Any advice would be greatly appreciated as I need to run the analysis on a large list of dep variables.

thanks!

Mel
Tags: None

William Lisowski

Join Date: Dec 2014
Posts: 10150

14 Jul 2017, 15:41

Welcome to Statalist, Melissa.

Something like the following may be what you want. Or perhaps you want the ChineseOnly loop to be the outer loop.

Code:

putexcel set "directory", sheet("name")modify
putexcel A1=("Variable") B1 = ("b") C1=("ll") D1=("ul") E1=("P")
loc row = 2
foreach x of varlist [indep var] {
  forvalues co = 0/1 {
    glm [dep var] `x' if ChineseOnly==`co', family(gaussian) link(identity) vce(robust)
    putexcel A`row' = ("`x'") B`row' = (_b[`x']) C`row' = (_b[`x']-1.96*_se[`x']) D`row' = (_b[`x']+1.96*_se[`x']) E`row' = (2*ttail(e(df), abs(_b[`x']/_se[`x']))) F`row' = matrix(e(N))
    loc row = `row' + 1
}
}

Comment

Melissa Bujtor

Join Date: Jul 2017

Posts: 29
#3

14 Jul 2017, 16:10

William, thank you for coming back to me so promptly and for the warm welcome! I think this is what I am trying to achieve, so I could repeat the code with 0/1 and then 1/1 and the results should separately export to excel for the two groups, am I understanding correctly?

With regards to:
forvalues co = 0/1 {
Is this a new variable I should define / create? As when I prepare the code and run it I am receiving error message "no variables defined".

Here is a direct copy and paste of the code I have used and received this error for:

foreach x of varlist [indep var] {
forvalues co = 0/1 {
glm bw_for_ga_zscore_gusto `x' if ChineseOnly=='co', family(gaussian) link(identity) vce(robust)
putexcel A`row' = ("`x'") B`row' = (_b[`x']) C`row' = (_b[`x']-1.96*_se[`x']) D`row' = (_b[`x']+1.96*_se[`x']) E`row' = (2*ttail(e(df), abs(_b[`x']/_se[`x']))) F`row' = matrix(e(N))
loc row = `row' + 1
}
}

(*nite - I have obvs included the actual indep variable when I run it.)

Many thanks
Comment
William Lisowski

Join Date: Dec 2014

Posts: 10150
#4

14 Jul 2017, 17:09

The error message you are receiving suggests that you did not read your data into memory in before running the code.

As you know, your foreach command goes through the loop with the local macro x set to the successive independent variables in your list of independent variables. The foreach command goest through the loop once with the local macro co set to 0 and once with it set to 1. So your glm command will get run the first time using the data with ChineseOnly==0 and the second time using the data ChineseOnly==1. You can look at help forvalues for a more complete explanation of the command.

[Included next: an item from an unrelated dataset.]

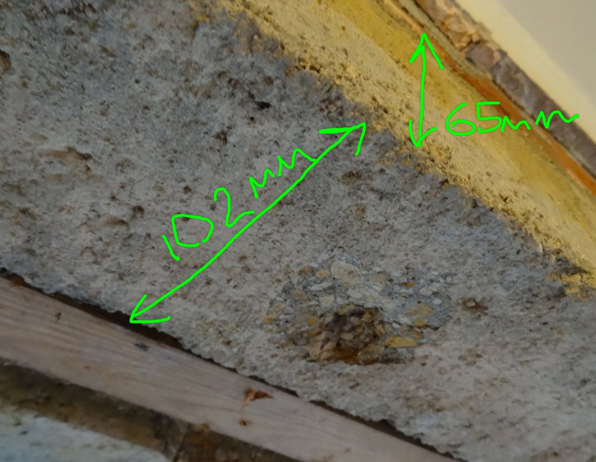 so these 65x102mm lintels are actually helping to hold a brick wall (was original external wall of the building), the wall in question is around 2m high on one side and something like 4m at the other side (~3m tall wall on average - second sketch)

These are fairly basic topics and I didn't explain them because I thought, given the code you shared, that you had this basic knowledge of local macros, loops, etc. Perhaps not, though, so let me advise. I'm sympathetic to you as a new user of Stata - it's a lot to absorb. And even worse if perhaps you are under pressure to produce some output quickly. Nevertheless, I'd like to encourage you to take a step back from your immediate tasks. When I began using Stata in a serious way, I started as have others here, by reading my way through the Getting Started with Stata manual relevant to my setup. Chapter 18 then gives suggested further reading, much of which is in the Stata User's Guide, and I worked my way through much of that reading as well. All of these manuals are included as PDFs in the Stata installation (since version 11) and are accessible from within Stata - for example, through Stata's Help menu. The objective in doing this was not so much to master Stata as to be sure I'd become familiar with a wide variety of important basic techniques, so that when the time came that I needed them, I might recall their existence, if not the full syntax, and know how to find out more about them in the help files and manual.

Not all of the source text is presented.